> Data for this task
────────────────────────────────────────

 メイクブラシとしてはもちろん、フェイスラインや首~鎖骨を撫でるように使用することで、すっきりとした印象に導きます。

────────────────────────────────────────

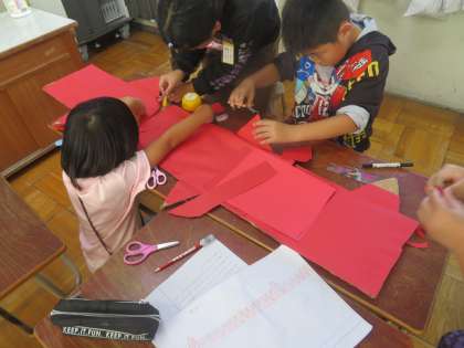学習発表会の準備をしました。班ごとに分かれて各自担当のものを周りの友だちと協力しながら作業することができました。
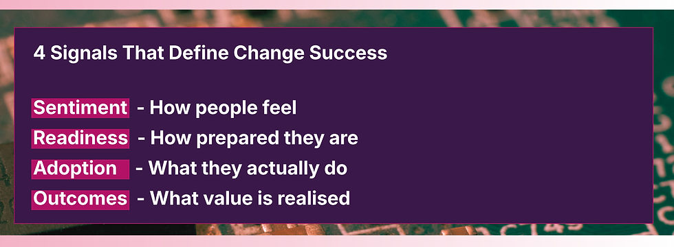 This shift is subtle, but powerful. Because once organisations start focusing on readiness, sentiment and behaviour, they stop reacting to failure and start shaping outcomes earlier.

────────────────────────────────────────

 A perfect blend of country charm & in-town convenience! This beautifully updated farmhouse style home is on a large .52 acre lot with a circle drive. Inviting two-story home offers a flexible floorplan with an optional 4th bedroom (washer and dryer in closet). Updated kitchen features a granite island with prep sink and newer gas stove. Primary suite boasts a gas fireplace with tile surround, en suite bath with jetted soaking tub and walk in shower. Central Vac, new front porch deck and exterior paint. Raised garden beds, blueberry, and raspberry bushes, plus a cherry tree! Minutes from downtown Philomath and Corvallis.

────────────────────────────────────────

> Exercise objective
Everything between and including the line above containing "学習発表会の準備をしました。" and the line containing "This shift is" should be reproduced exactly, with pictures excluded.

> Answer box
学習発表会の準備をしました。班ごとに分かれて各自担当のものを周りの友だちと協力しながら作業することができました。
 This shift is subtle, but powerful. Because once organisations start focusing on readiness, sentiment and behaviour, they stop reacting to failure and start shaping outcomes earlier.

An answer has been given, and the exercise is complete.